One of the side effects of a spiritual awakening is loneliness within your friendships. I don’t need to talk about it anymore, but I needed to when it was first happening to me. I told one friend that it felt like a miracle, meeting John, and she said yes, I think it is a miracle, which was nice. Several friends read my book, and put up with me. But still, it’s not the same when your friends are not going through the same thing and I often felt worse for trying to explain what was happening as I just sounded crazy. Nowadays I have a few people I can talk to, as they have discovered it since and some have come to me or come into my life and talked about it, but back then it was only me, and John. Not that I want to be with the really ‘out there’ people either- I want the down to earth. Which is why it was so nice at Yoga, the healing, with Kim and Melinda, feeling instantly comfortable, they are both down to earth and into healing. They don’t wear robes or anything, are not false or pretentious or over the top. I don’t need to find people that believe in exactly the same things, I just need people who have an awareness of something else, but in a genuine, quiet way, not in a provocative or statement way.

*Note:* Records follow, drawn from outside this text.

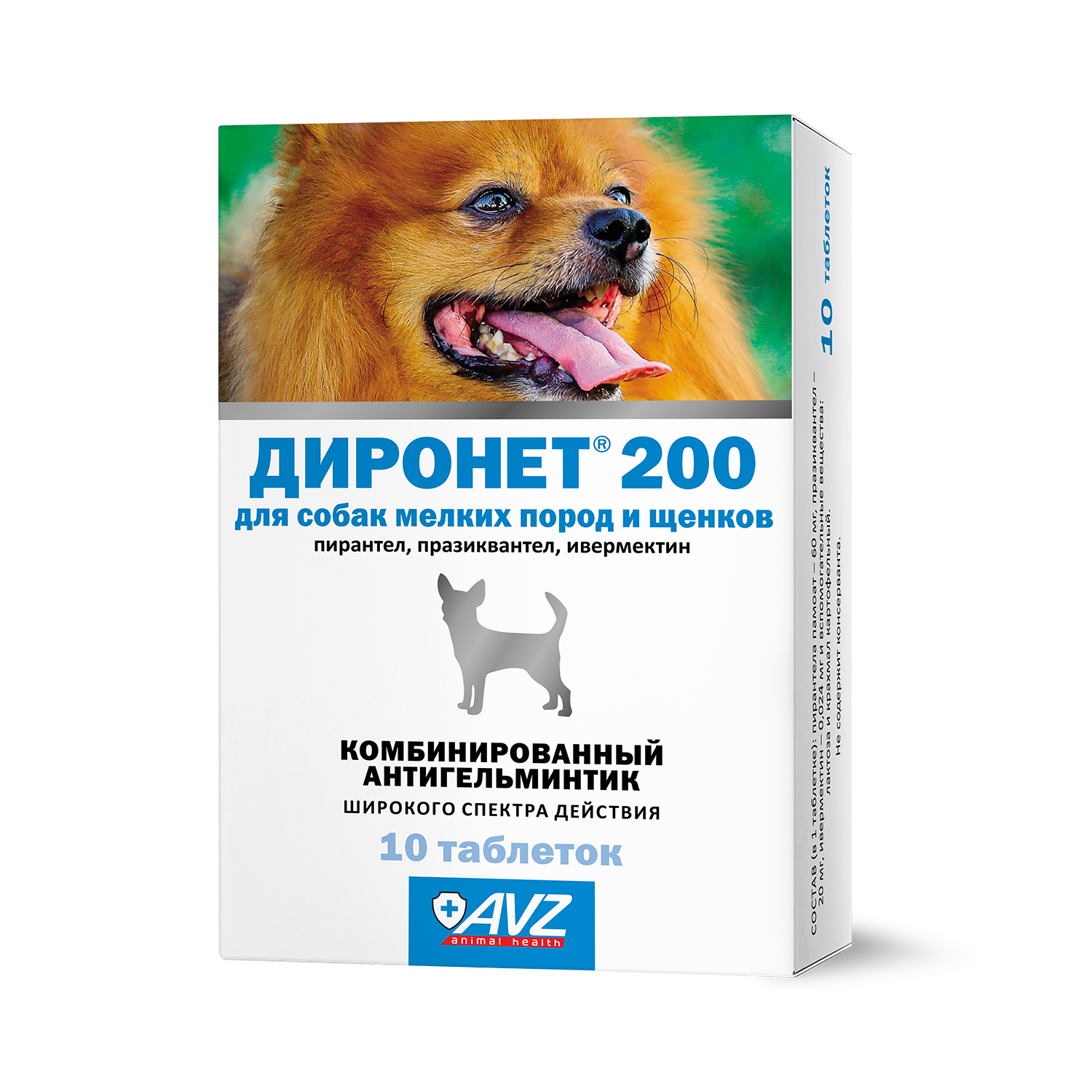 ДИРОНЕТ® 200 предназначен для собак, содержит в одной таблетке пирантела памоата 60 мг, празиквантела 20 мг и ивермектина 0,024 мг. ДИРОНЕТ® относится к комбинированным антигельминтным лекарственным препаратам широкого спектра действия. Комбинация входящих в состав препарата действующих веществ обеспечивает широкий спектр его антигельминтного действия на все фазы развития круглых и ленточных гельминтов, паразитирующих у собак, в том числе Toxocara canis, Т. cati, Toxascaris leonina, Uncinaria stenocephala, Ancylostoma caninum, Trichuris vulpis, Echinococcus granulosus, E. multilocularis, Diphyllobothrium latum, Dipylidium caninum, Multiceps multiceps, Taenia spp., а также личиночных фаз развития (микрофилярий) Dirofilaria immitis и D. repens.
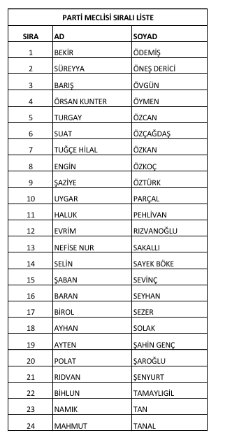 Kurultayın ilk gününde tüzükte yapılan değişiklikle 52 kişiden oluşan PM, 70’e; sekiz kişiden oluşan BKSP ise 10 kişiye çıkarılmıştı. Bu kapsamda Özel bugün 80 kişilik bir anahtar liste oluşturacak. Edinilen bilgiye göre, Özel, 23 kişiden oluşan mevcut MYK üyelerinin tamamını anahtar listesine alacak. Böylece İzmir'den milletvekilleri Deniz Yücel, Murat Bakan, Salih Uzun ve genel başkan yardımcısı Yankı Bağcıoğlu listede yer almış oldu. Adnan Arslan da anahtar listede kendisine yer buldu.
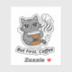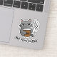 This adorable and customisable sticker features a cute, sleepy-eyed grey cat holding a steaming cup of coffee. The playful design is complemented by the phrase "But First, Coffee" printed below the cat, making it perfect for coffee enthusiasts and cat lovers alike. Personalise this sticker with your name or a special message to make it uniquely yours. Ideal for casual wear or as a thoughtful gift for friends and family who can't start their day without a cup of joe and some feline charm.

It’s well reported on that during or in a spiritual journey it can be lonely; you can feel disconnected from your friends, you can even feel critical of them, of their negativity, of their asleep ness, of the fact that they don’t have a spiritual practice and of the fact that they don’t ‘get you’. But aside from the advice of the Dali Lama which is that it is more useful to identify a single shortcoming in yourself than a hundred in others, which I will endeavour to remember, your friends have every right to feel at least as disappointed in you as you do in them, after all, they haven’t done anything wrong, they haven’t changed. You, on the other hand, could be seen to have to a certain extent abandoned them.
Sometimes I visit a good friend and feel distant, unable to connect. I feel more connected with a person I just met on my yoga class and the thought flits through my mind of abandoning all my friends and making new ones.

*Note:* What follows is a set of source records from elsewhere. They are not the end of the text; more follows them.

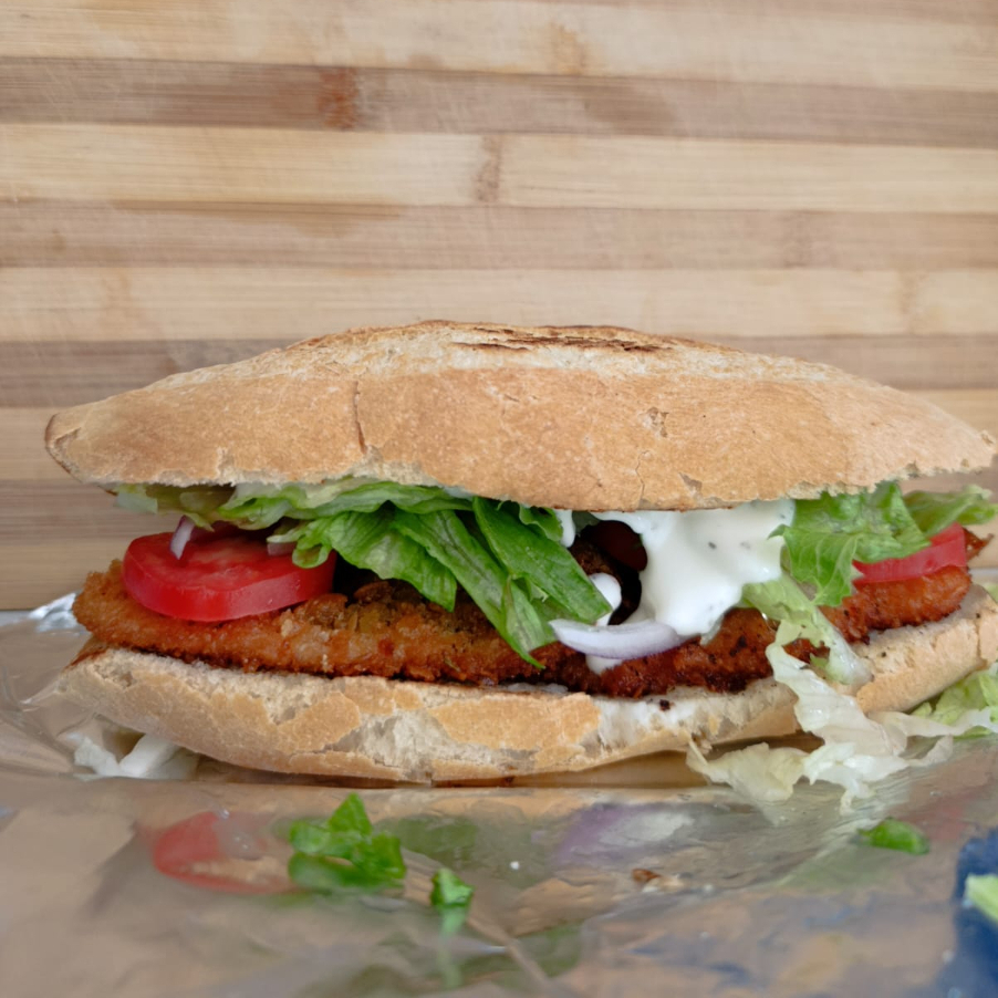 Pan empanizado y frito al sartén, puede ser relleno con salchicha, jamón, panela, salami, pollo empanizado, lechuga y un toque de aderezo. ¡Crujiente por fuera, brutal por dentro!
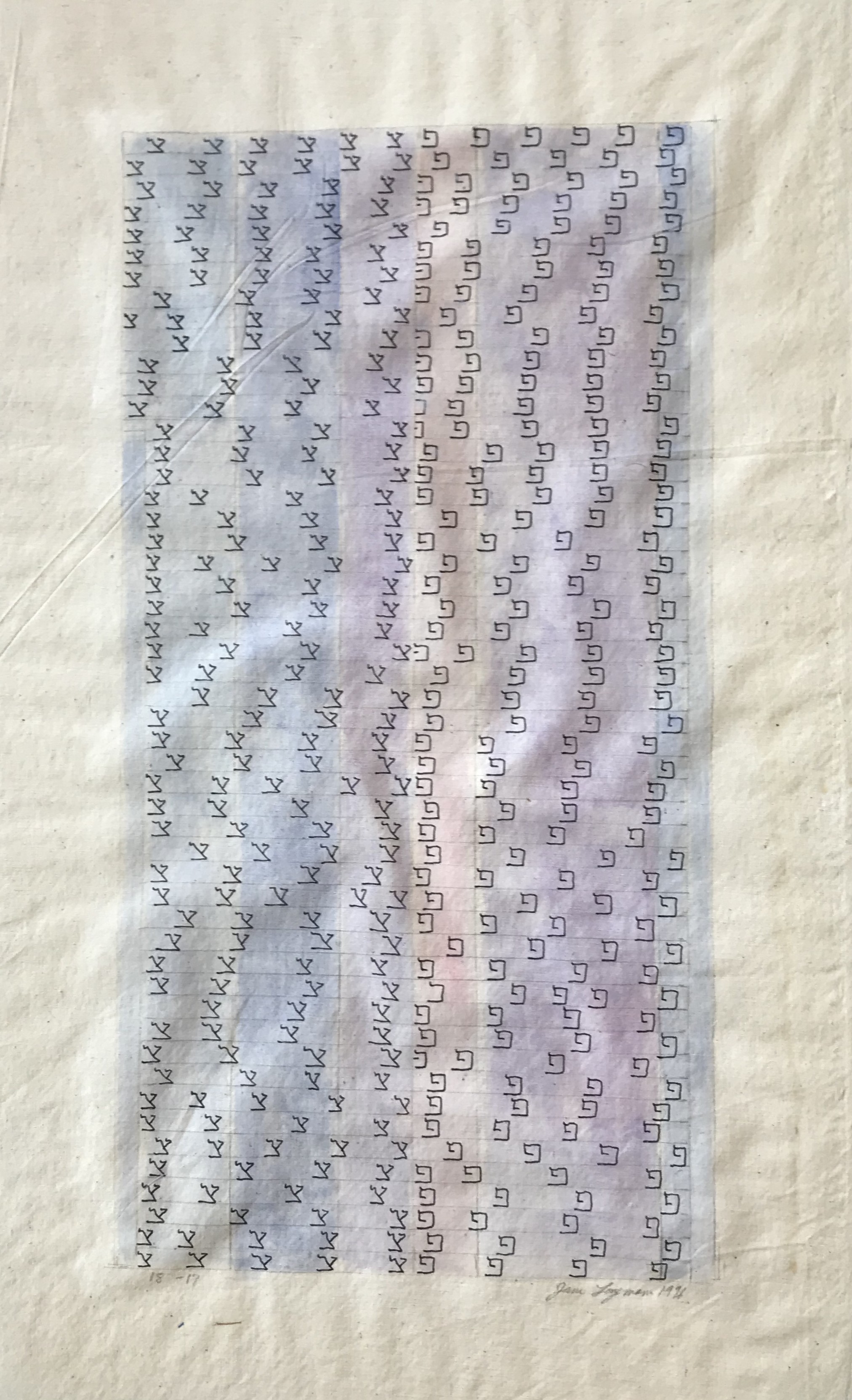 Abstract works by Peter Freudenthal (b. 1938), Robert Kirschbaum (b. 1949), and Susan Schwalb (b. 1944) evoke Jewish mysticism, including references to Kabbalah and Jewish legends. Four other artists, A. Raymond Katz (1895–1974), Jane Logemann (b. 1942), Chava Wolpert Richard (1933–2015), and Rina Rotholz (1928–2020), use Hebrew letters that draw attention to both the abstract and spiritual qualities of language.
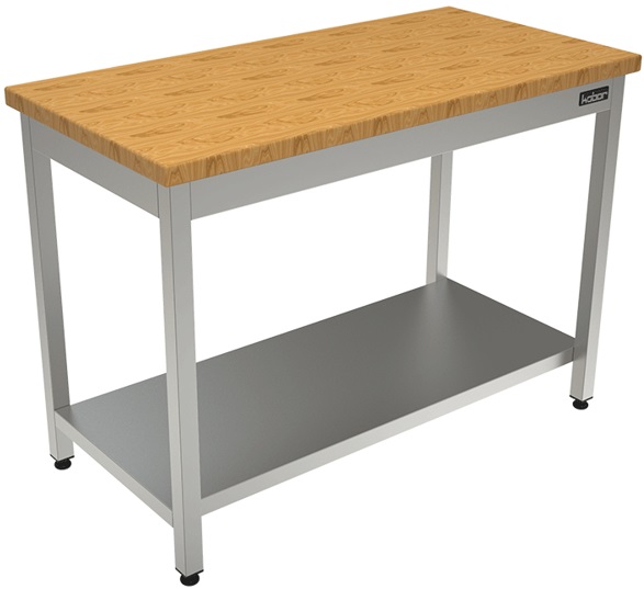 1500х700х870 Стол-кондитерский (столешница - бук. толщ. 40 мм, каркас нерж. труба 40х40, полка, разборный)
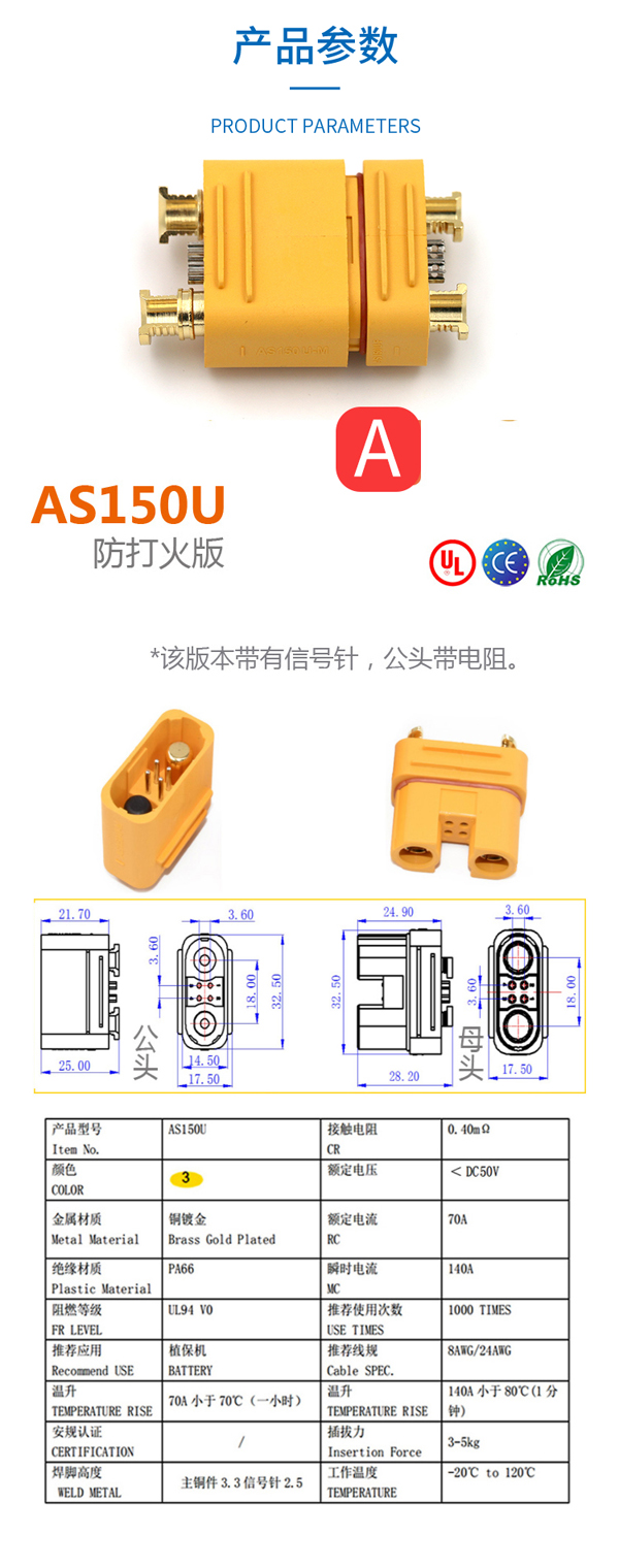 AMASS 艾迈斯 AS150U 公头(不含线) 插头 无人机锂电池连接器

Sometimes I just have my usual old problem of not really planning or living my days according to my needs: I make a list of friends like a to do list, contact everyone, do loads of visiting, regret the time alone I lost. (I have read since that as your vibration level rises, or your frequency rises, friends do sometimes fall away. Also, that you don’t desire to see people as much, and need more time alone.)

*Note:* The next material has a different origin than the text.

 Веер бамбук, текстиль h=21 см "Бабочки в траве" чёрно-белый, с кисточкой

Other times I visit an old friend, feel relaxed and connected, talk about all sorts of things including politics (her topic) and healing (mine). I maybe meet her halfway by raising politics (a subject I normally avoid like the plague) re getting active with food cycle, and she maybe meets me halfway by having healing, getting into it and talking about feeling a spiritual shift.
This ‘process’ I am going through is having a cleansing and purifying effect; spring cleaning me, applying search and destroy, finding residual issues to work on. ‘It’ works in a different way to worry, where the mind skates around, looking for things, real and imaginary, to worry about. This works on an unconscious level so that, for example, when I need to work on my thoughts, I pick up a book and open it at the ‘thought lab’ page containing everyday thought exercises. I keep it open there for weeks, and when I do pick it up to look at other exercises, all the other things I find are so totally not me that I scurry back to the thought lab page and leave it open there in the bathroom for another few weeks.